> [TASK STATEMENT]
Beginning with the line below that contains "тия ограждена Сурамским" and ending with the line that contains "2001 年 11 月，36", retype every line exactly. Pictures are not copied.

========

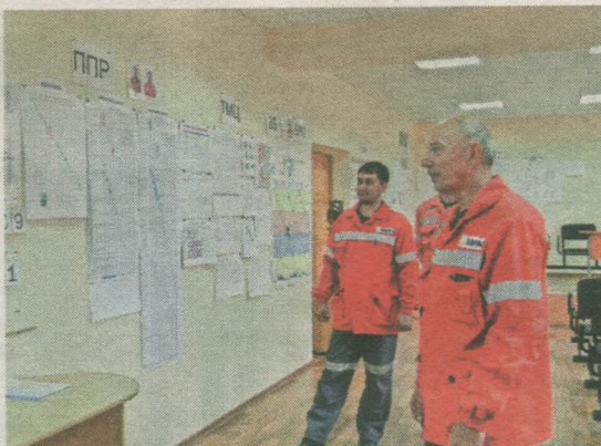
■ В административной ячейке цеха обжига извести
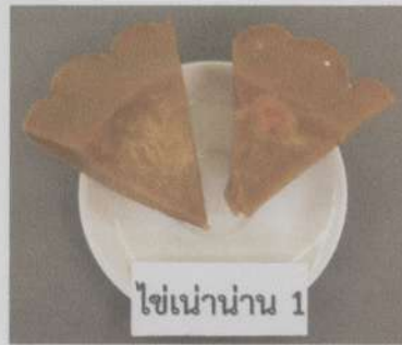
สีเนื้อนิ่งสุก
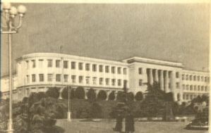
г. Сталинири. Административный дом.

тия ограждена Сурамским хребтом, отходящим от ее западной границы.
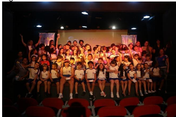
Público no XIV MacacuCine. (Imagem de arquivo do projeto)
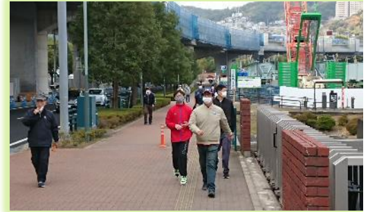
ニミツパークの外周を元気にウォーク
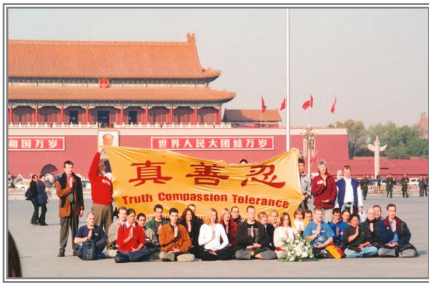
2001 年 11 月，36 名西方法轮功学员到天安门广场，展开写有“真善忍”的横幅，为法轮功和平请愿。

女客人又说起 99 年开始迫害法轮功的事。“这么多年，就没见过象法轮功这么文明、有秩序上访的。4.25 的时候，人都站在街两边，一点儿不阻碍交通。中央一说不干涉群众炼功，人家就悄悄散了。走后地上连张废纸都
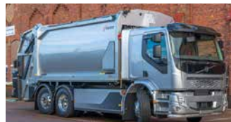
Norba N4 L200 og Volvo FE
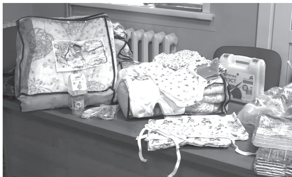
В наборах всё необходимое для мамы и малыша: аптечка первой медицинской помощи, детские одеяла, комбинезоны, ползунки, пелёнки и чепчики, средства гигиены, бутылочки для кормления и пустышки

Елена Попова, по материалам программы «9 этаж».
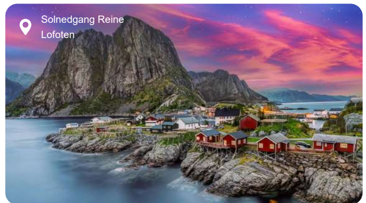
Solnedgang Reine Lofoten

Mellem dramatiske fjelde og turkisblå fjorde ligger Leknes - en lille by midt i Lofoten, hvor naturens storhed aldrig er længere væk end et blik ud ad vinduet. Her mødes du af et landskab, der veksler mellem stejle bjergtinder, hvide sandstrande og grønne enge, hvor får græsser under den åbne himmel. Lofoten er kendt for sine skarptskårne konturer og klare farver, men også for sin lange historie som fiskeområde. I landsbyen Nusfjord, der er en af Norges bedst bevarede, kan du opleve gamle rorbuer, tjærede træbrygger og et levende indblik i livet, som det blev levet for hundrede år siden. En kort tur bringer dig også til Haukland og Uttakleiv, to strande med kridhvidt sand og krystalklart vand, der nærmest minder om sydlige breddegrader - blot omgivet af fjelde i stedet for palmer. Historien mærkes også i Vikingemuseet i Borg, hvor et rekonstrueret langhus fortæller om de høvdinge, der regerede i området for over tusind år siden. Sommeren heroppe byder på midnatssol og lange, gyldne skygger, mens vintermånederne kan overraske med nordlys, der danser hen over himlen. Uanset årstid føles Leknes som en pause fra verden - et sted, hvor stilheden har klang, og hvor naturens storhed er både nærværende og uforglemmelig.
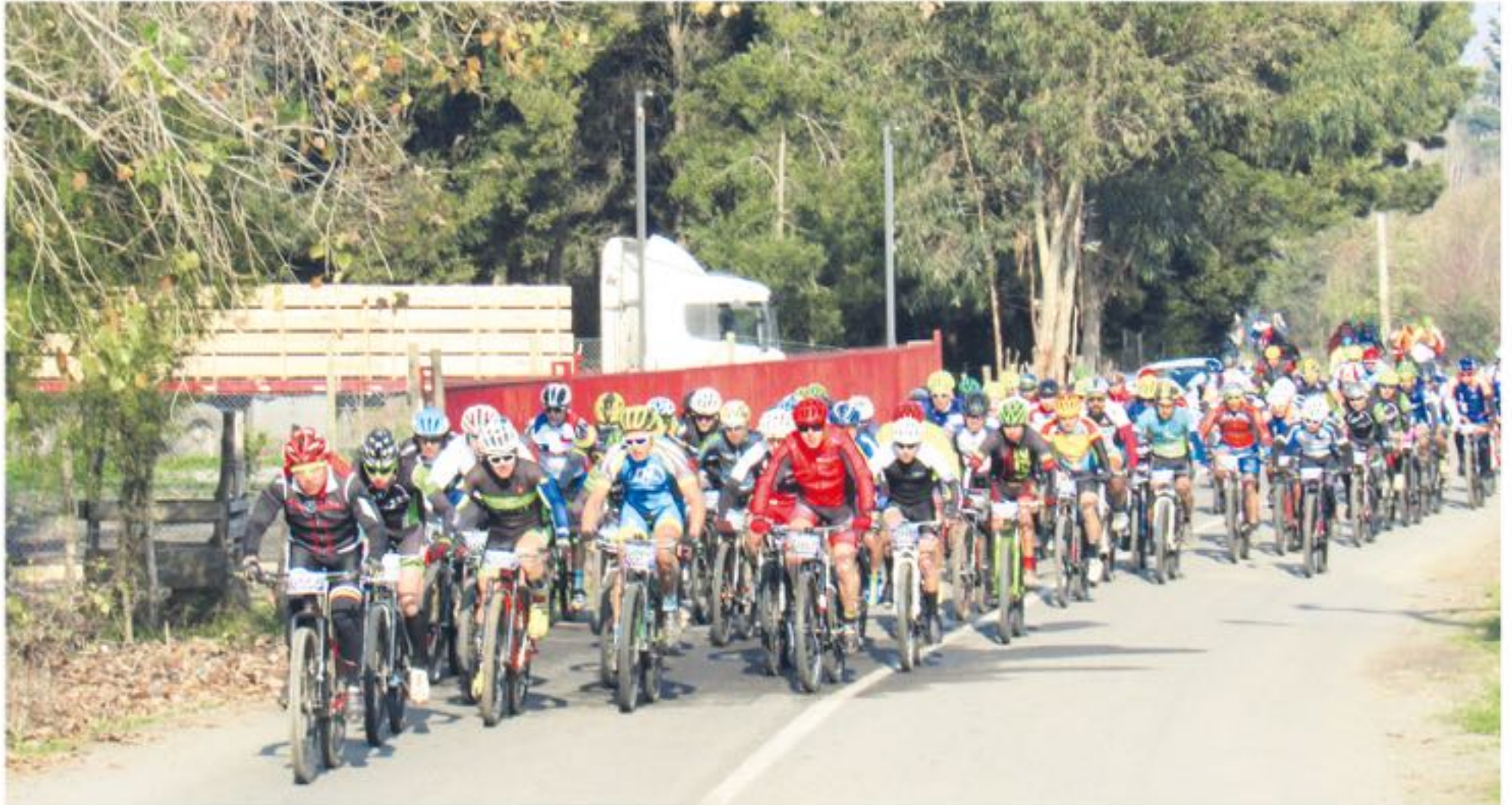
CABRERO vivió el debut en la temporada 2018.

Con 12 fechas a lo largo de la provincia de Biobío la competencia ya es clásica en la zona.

========

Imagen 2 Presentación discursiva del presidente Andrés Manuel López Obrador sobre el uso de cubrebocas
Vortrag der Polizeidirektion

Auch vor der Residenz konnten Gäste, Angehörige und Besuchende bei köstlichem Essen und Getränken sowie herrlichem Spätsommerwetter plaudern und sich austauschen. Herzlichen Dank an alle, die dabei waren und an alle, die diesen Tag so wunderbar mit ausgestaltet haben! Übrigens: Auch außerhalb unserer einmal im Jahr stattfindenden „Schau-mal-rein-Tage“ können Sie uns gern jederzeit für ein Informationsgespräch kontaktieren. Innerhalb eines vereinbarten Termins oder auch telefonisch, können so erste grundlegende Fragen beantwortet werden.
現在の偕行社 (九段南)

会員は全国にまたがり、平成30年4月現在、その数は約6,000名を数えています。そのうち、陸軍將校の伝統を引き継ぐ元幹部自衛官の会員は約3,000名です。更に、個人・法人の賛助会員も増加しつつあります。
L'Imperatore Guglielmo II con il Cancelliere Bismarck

========

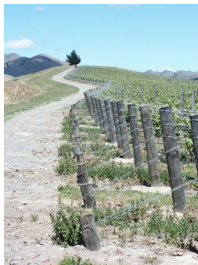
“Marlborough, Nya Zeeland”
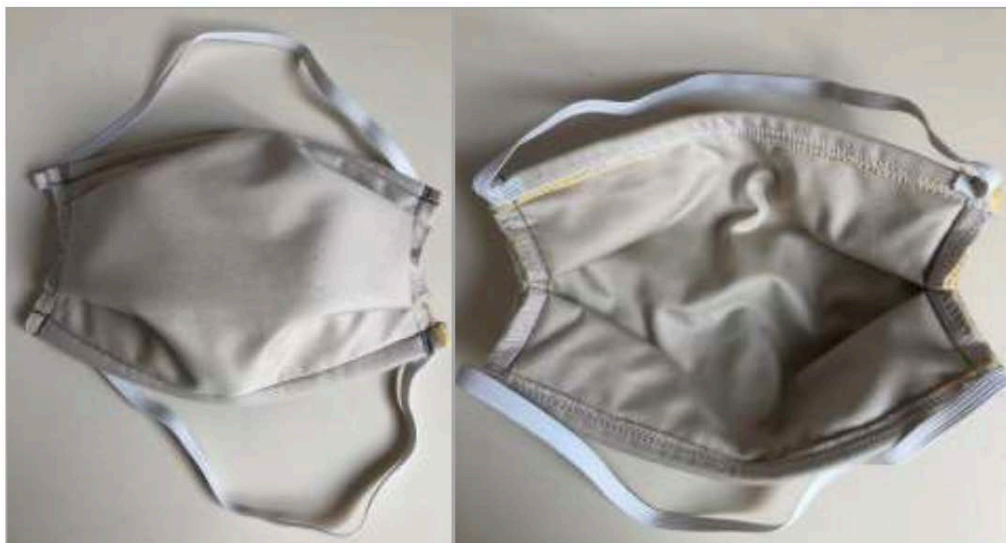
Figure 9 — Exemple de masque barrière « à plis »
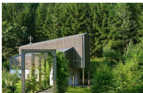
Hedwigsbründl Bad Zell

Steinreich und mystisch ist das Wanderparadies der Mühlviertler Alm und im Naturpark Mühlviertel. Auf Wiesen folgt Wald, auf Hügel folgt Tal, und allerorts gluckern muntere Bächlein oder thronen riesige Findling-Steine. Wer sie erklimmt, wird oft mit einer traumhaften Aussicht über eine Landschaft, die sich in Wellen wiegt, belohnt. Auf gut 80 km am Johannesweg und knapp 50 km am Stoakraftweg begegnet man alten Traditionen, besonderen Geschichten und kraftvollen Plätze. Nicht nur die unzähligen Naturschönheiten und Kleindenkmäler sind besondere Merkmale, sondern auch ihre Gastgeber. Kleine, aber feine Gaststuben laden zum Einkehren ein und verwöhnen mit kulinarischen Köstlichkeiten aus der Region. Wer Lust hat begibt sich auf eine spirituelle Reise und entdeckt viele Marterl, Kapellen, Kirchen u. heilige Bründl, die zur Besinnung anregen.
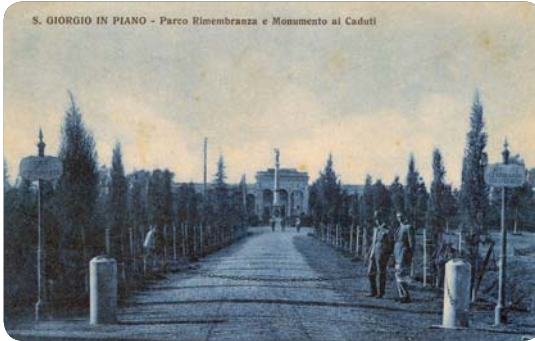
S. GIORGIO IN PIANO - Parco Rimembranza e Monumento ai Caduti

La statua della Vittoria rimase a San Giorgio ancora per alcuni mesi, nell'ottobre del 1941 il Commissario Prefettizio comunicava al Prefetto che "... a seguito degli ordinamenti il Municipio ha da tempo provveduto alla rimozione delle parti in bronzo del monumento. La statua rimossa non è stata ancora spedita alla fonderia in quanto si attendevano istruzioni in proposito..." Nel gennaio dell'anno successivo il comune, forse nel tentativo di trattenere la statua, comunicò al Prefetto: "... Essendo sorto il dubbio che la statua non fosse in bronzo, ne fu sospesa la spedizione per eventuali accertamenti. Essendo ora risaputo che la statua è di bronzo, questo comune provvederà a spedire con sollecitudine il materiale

========

> [YOUR RESPONSE]
тия ограждена Сурамским хребтом, отходящим от ее западной границы.
Público no XIV MacacuCine. (Imagem de arquivo do projeto)
ニミツパークの外周を元気にウォーク
2001 年 11 月，36 名西方法轮功学员到天安门广场，展开写有“真善忍”的横幅，为法轮功和平请愿。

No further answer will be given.